As the Syrian refugee crisis makes headlines and affects countries throughout the Western world, the Iranian involvement in Syria is beginning to prompt more commentary from various English-language media outlets, which seem to be rapidly cluing in on the fact that things are much more complicated (not to mention sinister) than the picture Iran tries to paint – of a united Western-Iranian front against ISIS.
Last week, Al-Arabiya published an op-ed by Iranian-American academic Majid Rafizadeh, in which he analyzed the shifts in Iranian troop deployment to Syria. Rafizadeh concluded that by sending larger numbers of International Revolutionary Guard Corps (IRGC) fighters to Syria rather than relying mostly on the elite Quds Force, as it did previously, Iran is increasing its public visibility and making its role in the Syrian conflict more conspicuous – both to its Middle Eastern neighbors and to Western states. According to Rafizadeh, Iran’s aims in doing so are twofold: it is “offering itself to the West as an indispensable regional player and partner,” while also ensuring that the West will be compelled to turn “a blind eye to Iran’s regional interventionist policies.”

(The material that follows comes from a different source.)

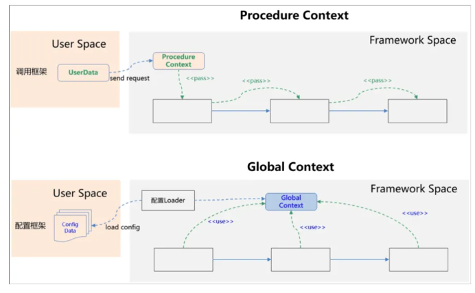 Context在框架中之所以重要,是因为我们在处理信息的时候,往往要借助上下文信息。比如在java的web框架中有ServletContext,在Spring框架中有ApplicationContext。Context进一步可以分为Procedure Context(过程上下文)和Global Context(全局上下文):
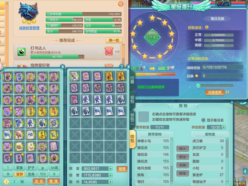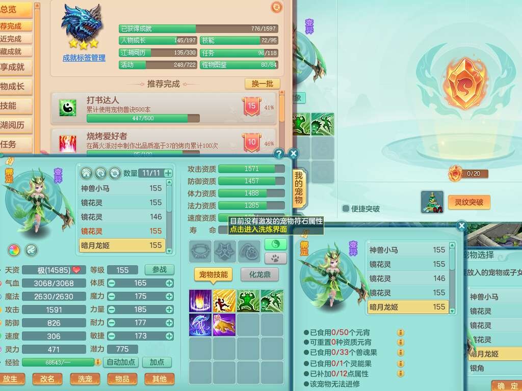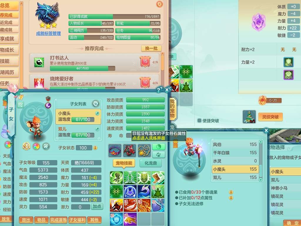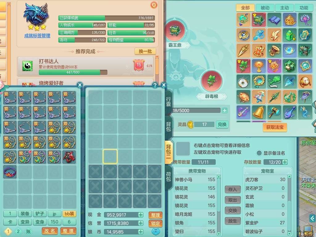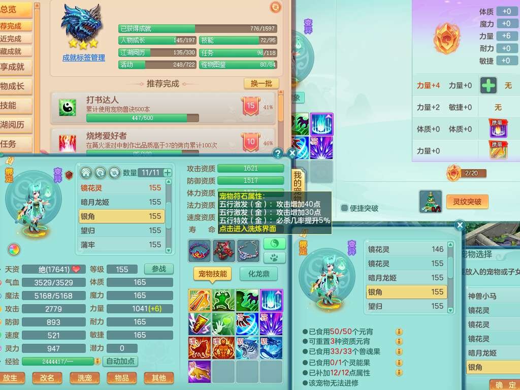 K22434锦绣河山159男万兽,精灵舞,1神兽,1破镜,1觉醒,2只六技能镜花灵,易成长崩山单加57头,893狂暴易成长单加武器,易成长慈航单加头,易成长单加55链子,易成长单加51腰带,易成长单加51鞋子,有917必杀武器,4.5基础鼎,1个五字,1只满果子,有31个神兽内丹碎片。➕159男无量,1神兽,1觉醒,1只六技能镜花灵,回春四海武器,坚毅净心术单加50链子,愤怒五特,带1280金币。➕155男龙宫,1只六技能镜花灵。➕157男方寸,4.5基础鼎。

Over at The Globe and Mail, the curiosity of Nazila Fathi – who fled Iran for Canada following the crackdown on journalists during the Green Revolution of 2009 – was also piqued by the rise in the number of IRGC fighters and fatalities in Syria. Like Rafizadeh, she too concluded that the rising numbers “reflect Iran’s deep involvement in Syria,” after Tehran announced in June that it had only “lost 400 men” in the Syrian conflict since 2011. Despite Iran’s prior insistence that it had only sent advisors to Syria rather than actual troops, the extent of Revolutionary Guard involvement (including Pakistani and Afghani fighters trained by the IRGC) confirms that “Iran is involved in a full-fledged war” in Syria – partially on the pretext of fighting Tehran’s own ISIS enemies outside its borders.
In light of the number of Iranian troops we now know to be active in Iran, can Iran’s “regional interventionism” in Syria and elsewhere, as Rafizadeh describes it, still be ascribed to a “defensive” policy – fighting in Syria in order to, as Fathi writes, “lessen the risks of an attack at home”? Clearly, some media outlets are moving past the Iranian narrative.